Lithographic technology is crucial for fabricating ultralarge-scale integrated circuits. The performance requirements of lithography machines are constantly increasing owing to rapid developments in the semiconductor industry. The use of various resolution enhancement techniques has also led to a continuous reduction in the critical dimensions of integrated circuits. Among them, the source mask optimization (SMO) technology optimizes the pupil illumination mode and mask pattern of the illumination system, effectively improving the lithography resolution and increasing the depth of focus, and thus has been widely used in immersion lithography machines at ≤28 nm nodes. In particular, two methods are commonly employed to implement the freeform illumination: One uses diffractive optical elements to achieve freeform illumination. However, it lacks flexibility because a single element can only produce a single pupil shape. The other method involves precise control of the angular position distribution of the micromirrors in a freeform illumination module to realize different freeform illumination modes. This method is more flexible and can compensate for illumination system deviations in real time. Currently, the freeform illumination module has become a standard feature of immersion lithography machines at ≤28 nm nodes . Micromirror arrays (MMAs) are the core components for implementing freeform illumination, and accurate monitoring of their angular positions is a prerequisite for implementing any illumination mode. However, owing to the high integration and small size of the micromirrors in an MMA, adjacent mirror surface reflections can easily cause crosstalk during the actual detection. This study proposes a spot crosstalk suppression algorithm for detecting the angular positions of MMAs, which enables high-precision detection of the angular position of each micromirror, even under crosstalk conditions.

A spot crosstalk suppression algorithm for monitoring the angular position of an MMA is proposed to address the issue of crosstalk between adjacent mirror surface reflections, which is prone to occur because of the high integration and small size of the MMA. Accordingly, the relative light intensity matrix is first calibrated by the light intensity of the micromirrors under test and neighboring micromirrors in the array. Because the relative light intensity matrix remains unchanged during the testing process, the centroid light intensity matrix equation can be derived through unified testing and data processing of the MMA. Solving the light intensity matrix equation, the influence of spot crosstalk during the testing process can be eliminated, and ultimately, the angular position information of each micromirror in the MMA can be obtained.

This study is based on an MMA angle position detection unit (Fig.2), and three different spot overfill ratios are considered (Table 1). The simulation results show that when the MMA is illuminated with spots under different extra spot ratios, the use of spot crosstalk suppression algorithms can improve the accuracy of the angular position of each micromirror in the MMA (Tables 2 and 3). When the crosstalk exists between the spot size and the size of a single micromirror, the spot-crosstalk suppression algorithm significantly improves the accuracy of the angular position of each micromirror in the MMA. The maximum detection error of the micromirror is reduced from 5387.48 μrad to 7.29 μrad, meeting the requirement of the free pupil illumination module specification that the detection error is less than 10 μrad.
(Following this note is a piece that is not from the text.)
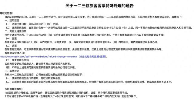东航官网最新通告显示,由于实际承运人发生变更,为了保障已购买一二三航航班旅客的合法权益,中国东航特别制定了相关客票退改规定。
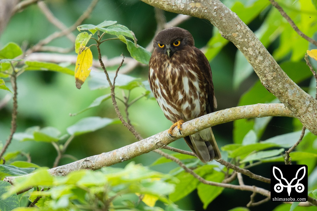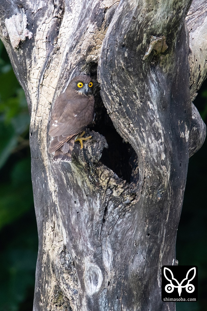 巣に戻ってきたアオバズクのメス。

The data also show that the accuracy of the angular position of the middle micromirror in the MMA is 10^-2 μrad for different spot sizes; whereas, the error of the angular position of the peripheral micromirror is larger owing to its deviation from the detection system axis. Overall, the spot-crosstalk suppression algorithm can significantly improve the accuracy of the angular position of each micromirror in the MMA when crosstalk exists.

This study proposes a spot crosstalk suppression algorithm. The reflection intensities of the micromirrors to be tested and their neighboring mirrors are measured in advance to determine the relative light intensity matrix in the MMA angle position measurement. The centroid light-intensity matrix equation of the MMA can be derived by combining this matrix with the relative light-intensity matrix obtained through MMA scanning and calibration. The angle position of each micromirror in the MMA can be obtained by solving the centroid light intensity matrix equation, which significantly improves the accuracy of the angle position determination when spot crosstalk is present. With this method, the accuracy of the angle-position determination of each micromirror in the MMA can be improved to within 10 μrad, which meets the requirements for detecting the angle positions of the micromirrors in the free-illumination module of lithography machines. Therefore, the proposed detection method effectively solves the crosstalk problem in the MMA detection process, which is of great significance for the practical application of free-pupil illumination modules in lithography machines.